The doctor Wang said the brother was slightly injured, but suffering the effects of being buried for 54 hours in debris.

Cao Jingjun, father of the two, was waiting outside the ward of his son.

"I had secretly felt lucky, after watching my children brought out alive this morning. But I knew my girl looked like she was dying," he said.

Cao Lele, 20, and her sister Cao Yanyan were rescued at 6:57 AM Friday, after rescuers heard the young man's feeble cry for help from beneath a collapsed floor.

Wang Li, one of the rescuers, said the pair huddled with their mother, who had already died, when they were found. The sister was seriously hurt.

"The girl had very weak breathing, when she was rescued," he said.

The rescue work ended Friday after Cao's family was found.
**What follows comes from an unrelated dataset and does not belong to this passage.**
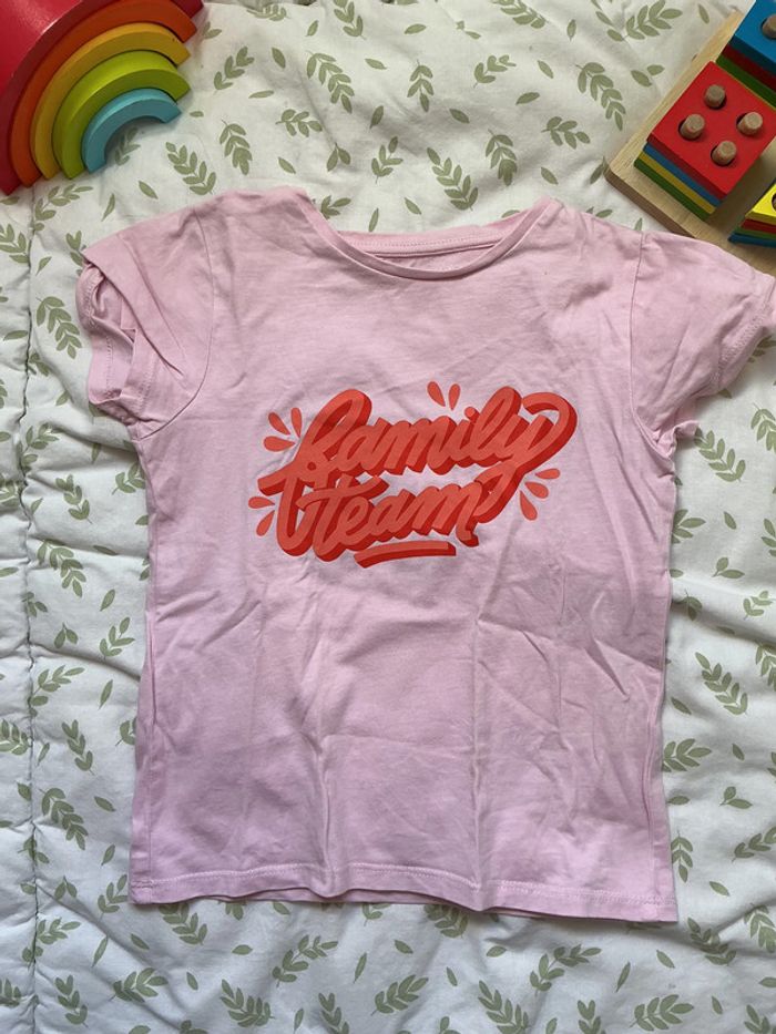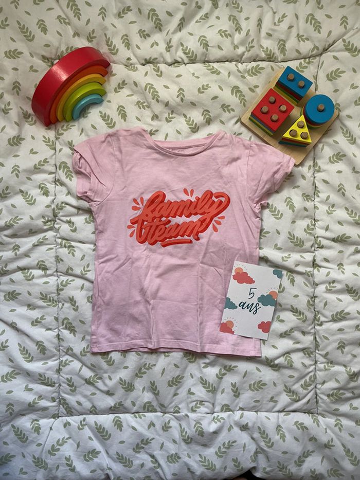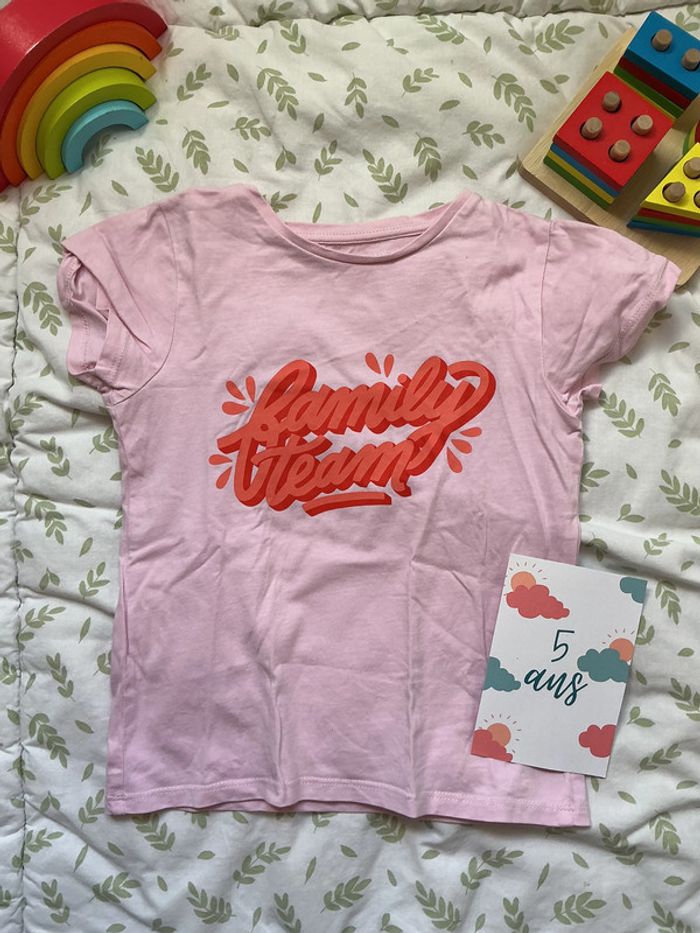 teeshirt manches courtes rose inscription devant 5 ans vertbaudet

The death toll from the landslide that occurred at 1:30 AM Wednesday has reached 27, including the death of the teenager Friday.

About 90,000 cubic meters of loess earth from a hill side crushed 25 houses, burying 44 people. Six people escaped uninjured.

On Thursday, three of the 10 slightly injured had been discharged from hospital.

Wang Haiyang, deputy county chief, said the landslide victims were not Shuanghuyu Village locals. They bought the houses here, because the village was only 1 km from the county seat.

Staff from the county's civil affairs bureau were issuing compensation payments, grants and living necessities to survivors and their families.